* Your assignment
From the first line of the material through the line that holds "Transparenter Schlüsselanhänger mit", repeat each line exactly and skip any picture.
- - -
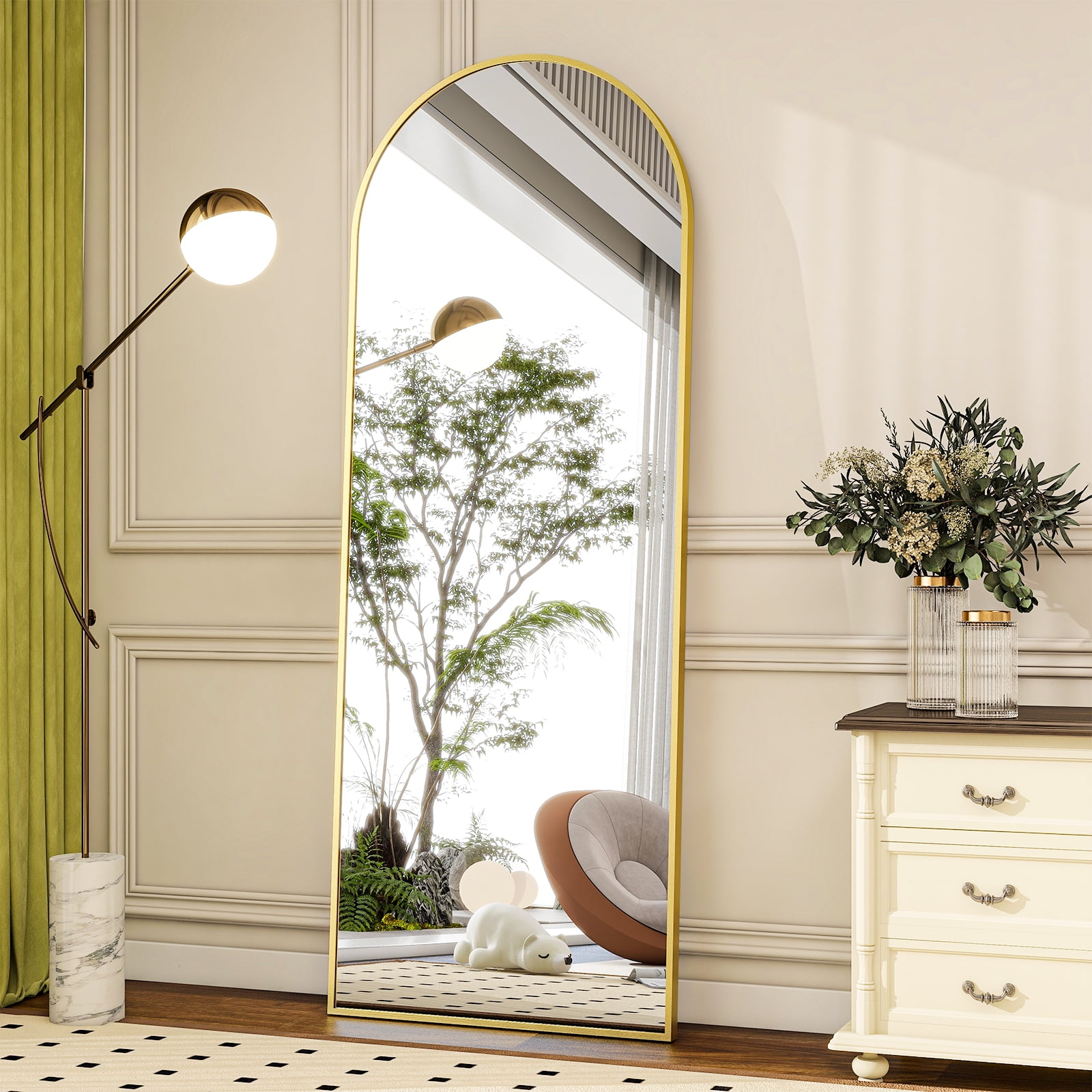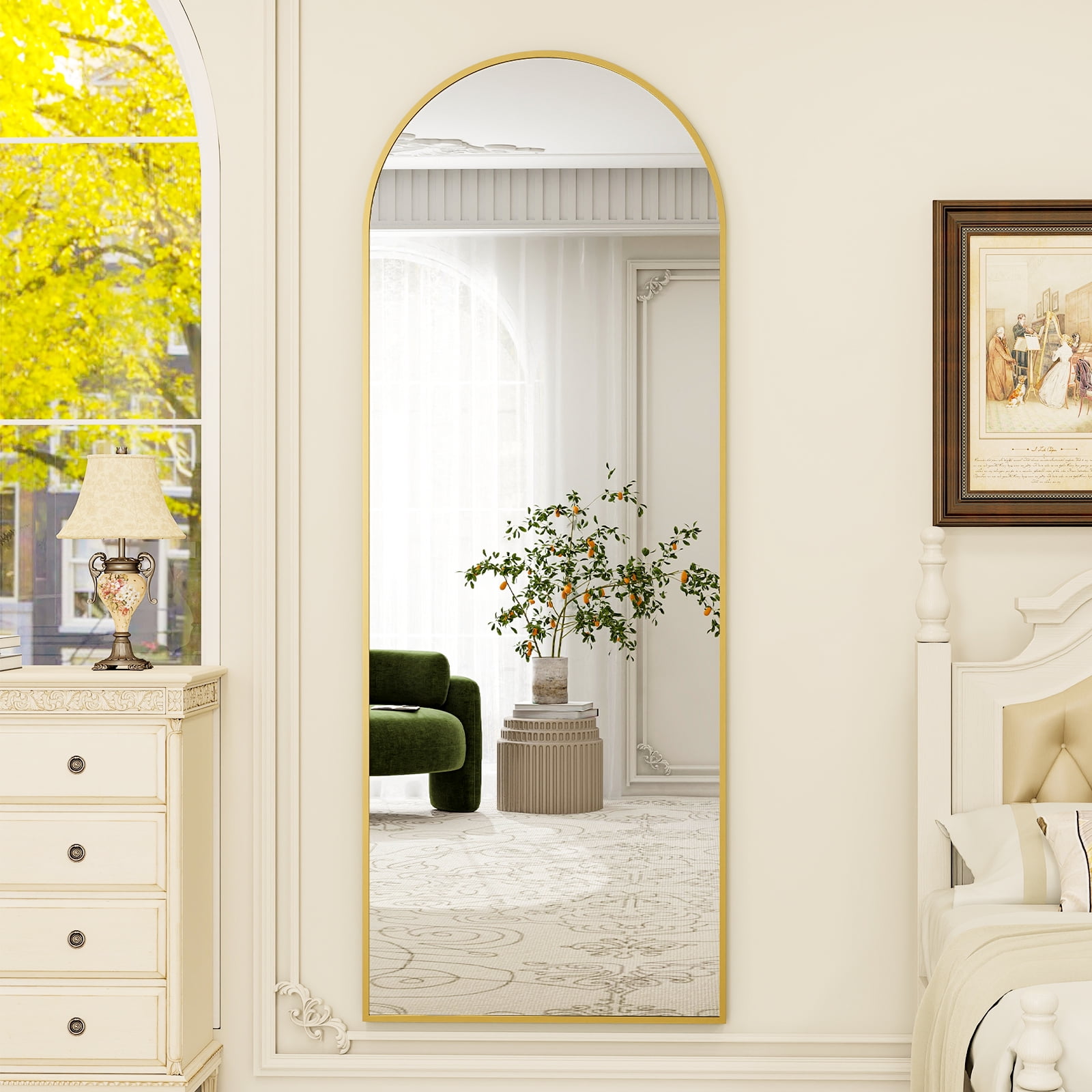 BEAUTYPEAK 64″x 21″ Full Length Mirror Arched Standing Floor Mirror Full Body Mirror, Gold
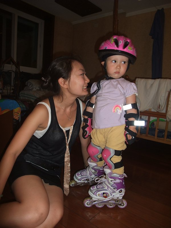 In Beijing with Jenny's friend. This kid is only two years old and can still do rollerblades.
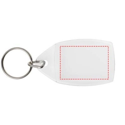 Transparenter Schlüsselanhänger mit metallenem Schlüsselring. Der Metallring bietet ein flaches Profil, das sich ideal für Mailings eignet. Abmessungen der Druckeinlage: 3,5 cm x 2,4 cm.
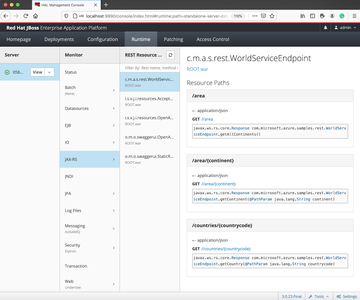 Configuratie Subsystemen Gegevensbronnen & Stuurprogramma's Gegevensbronnen te selecteren.U kunt ook de RESTful-eindpunten van uw toepassing bevestigen door Runtime><uw systeem>>JAX-RS><uw toepassing> te selecteren.
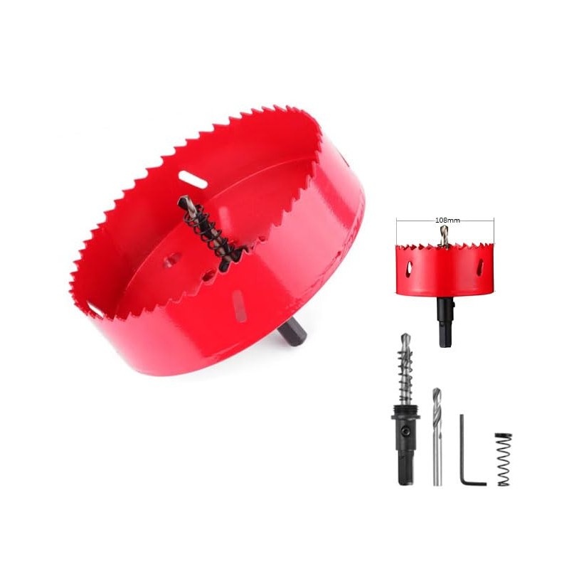 - HOLE SAW: Our high-speed steel sharp cutting teeth effectively drill through metal, wood, cornhole boards, PVC board, plastic, drywall, and more. The hole saw set includes 1* 4'' hole saw, 1*arbor(with 1 drill bit), 1*drill bit for replacement, and 1*hex key.Cutting diameter is 4-1/4" / 108mm.
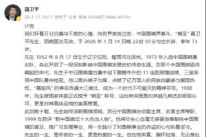 我們懷著萬分沉痛與不舍的心情,向各界親友泣告:中國圍棋界泰斗、“棋圣” 聶衛(wèi)平先生,因病醫(yī)治無效,于 2026 年 1 月 14 日晚 22時 55分與世長辭,享年 73 歲。
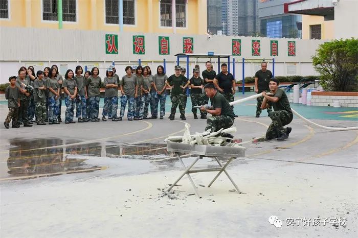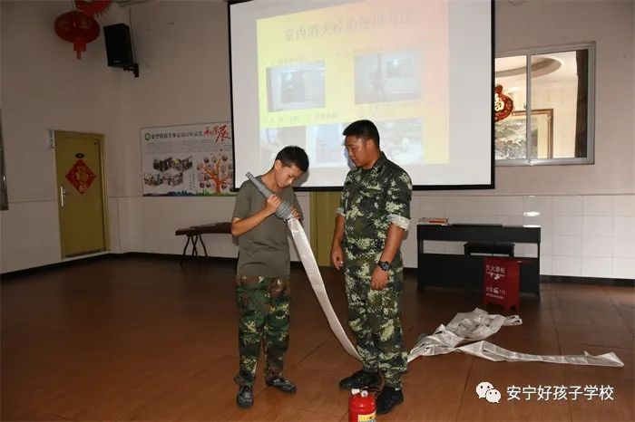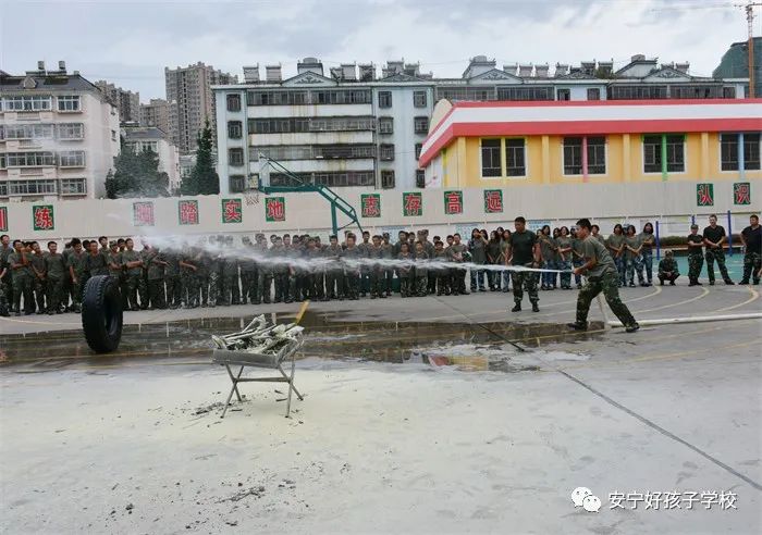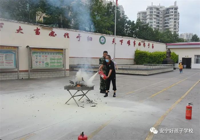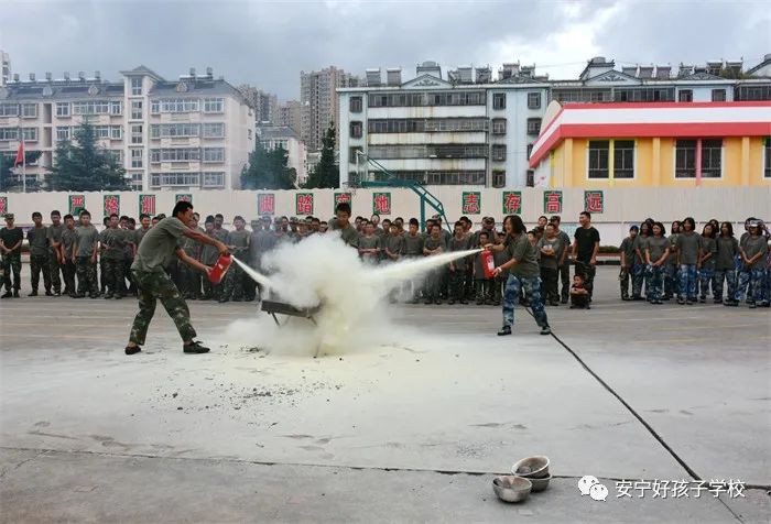 最后,進(jìn)行了撲救演練。操場(chǎng)上的木材點(diǎn)燃后,火苗迅速變成了熊熊大火,老師開(kāi)始現(xiàn)場(chǎng)演示滅火設(shè)備(滅火器、高壓水槍?zhuān)┑氖褂梅椒ǎ⒅笇?dǎo)全部學(xué)生親自操作演練。
- - -
* Solution to this exercise
 BEAUTYPEAK 64″x 21″ Full Length Mirror Arched Standing Floor Mirror Full Body Mirror, Gold
 In Beijing with Jenny's friend. This kid is only two years old and can still do rollerblades.
 Transparenter Schlüsselanhänger mit metallenem Schlüsselring. Der Metallring bietet ein flaches Profil, das sich ideal für Mailings eignet. Abmessungen der Druckeinlage: 3,5 cm x 2,4 cm.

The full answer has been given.